Sean is contentedly tinkering with his new lover, XM Satellite Radio. I fully expect this obsession to keep him occupied until spring finally rolls around. Not that I mind – living up here in the middle of nowhere, my radio programming choices have been limited to Christian Radio, Country and Western, and some kind of weird mid 70’s hair rock/dance pop hybrid station (the kind with really, really, really cheerful DJs).
The dogs and I, meanwhile, have been contenting ourselves with calorie loading and making the best of the ten million pounds of purportedly ‘beautiful’ snow that’s carpeting everything I can see.

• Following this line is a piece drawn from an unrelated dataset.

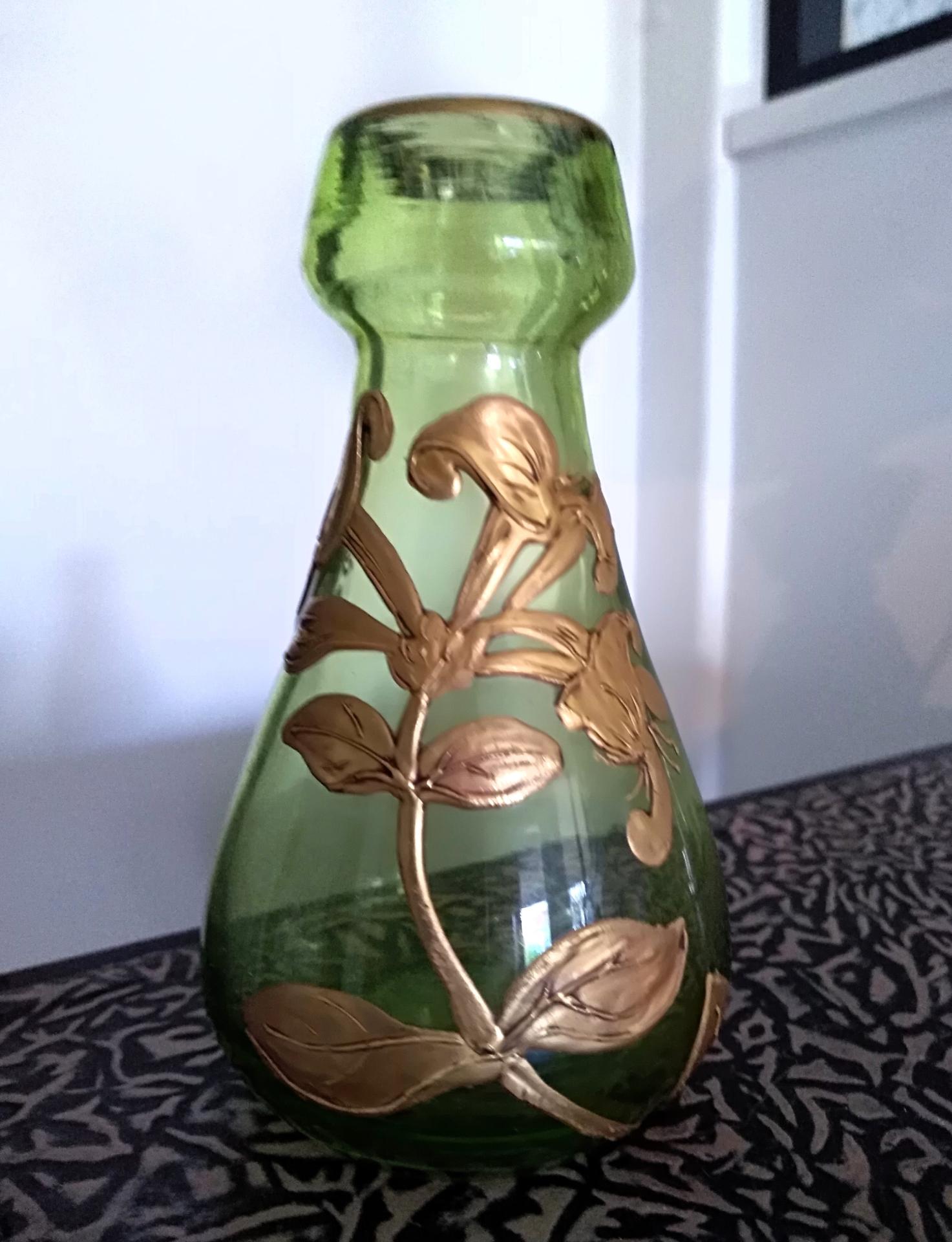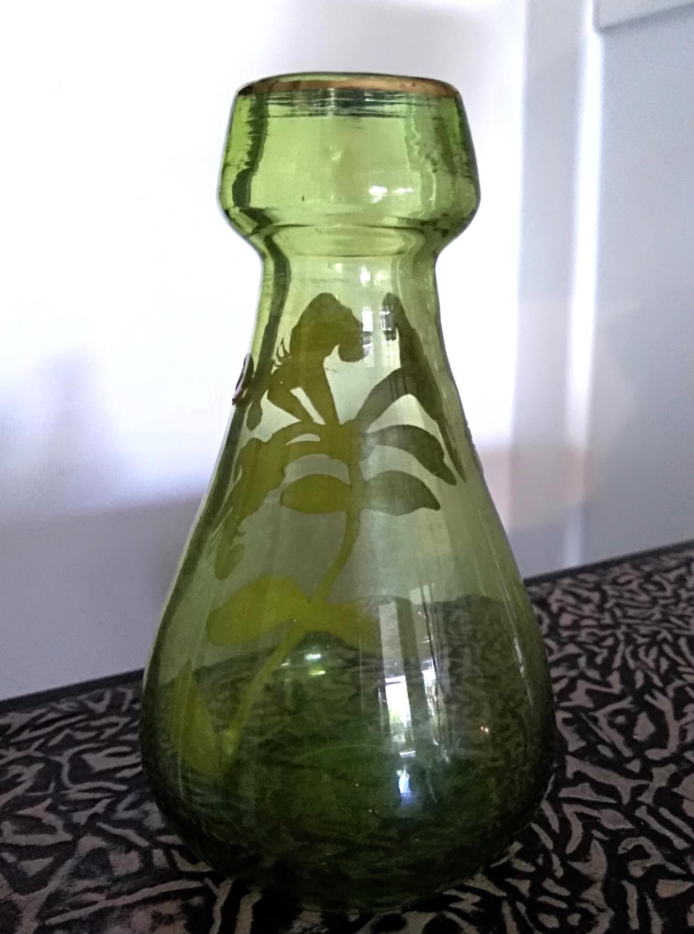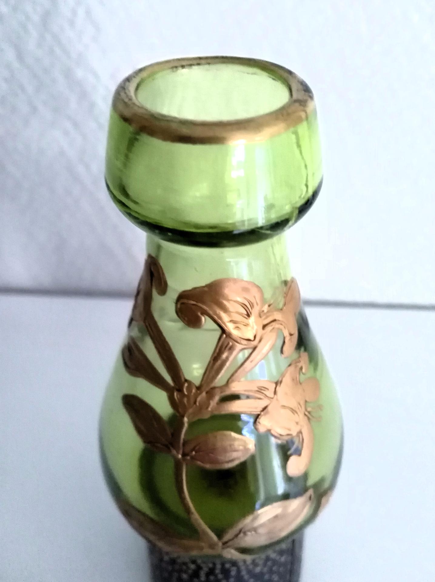 Old miniature « art nouveau » vase MontJoye, Legras St Denis, green, with enameled gilding decoration of flowers and foliage, late 19th century – early 20th century

I’ve been struck with an urge to cook Caribbean and Soul Food – probably not good timing, since my sinuses being under the weather means my sense of seasoning isn’t quite up to snuff. At the best of times, I like a lot more spice on my food than Sean does. Right now, my tolerance for spice is off the charts, mostly because I’m one of those people who season to taste, and I can’t currently taste much of anything.
I cooked Smothered Pork Chops the other night, and added so much white pepper that Sean almost fainted after the first bite. I’m thinking I’d better skip the Scotch Bonnet Pepper in the Jamaican Oxtail I’m making tomorrow. I serve my Oxtail with fried plantain, coconut rice and some cooked purple yams. Warm, filling food for snowy days. Maybe I’ll do some Steak and Kidney pies for next week, although I’ve also been considering Chicken and Dumplings. Two blessedly heat free options, which will please my rather wimpy palated boyfriend…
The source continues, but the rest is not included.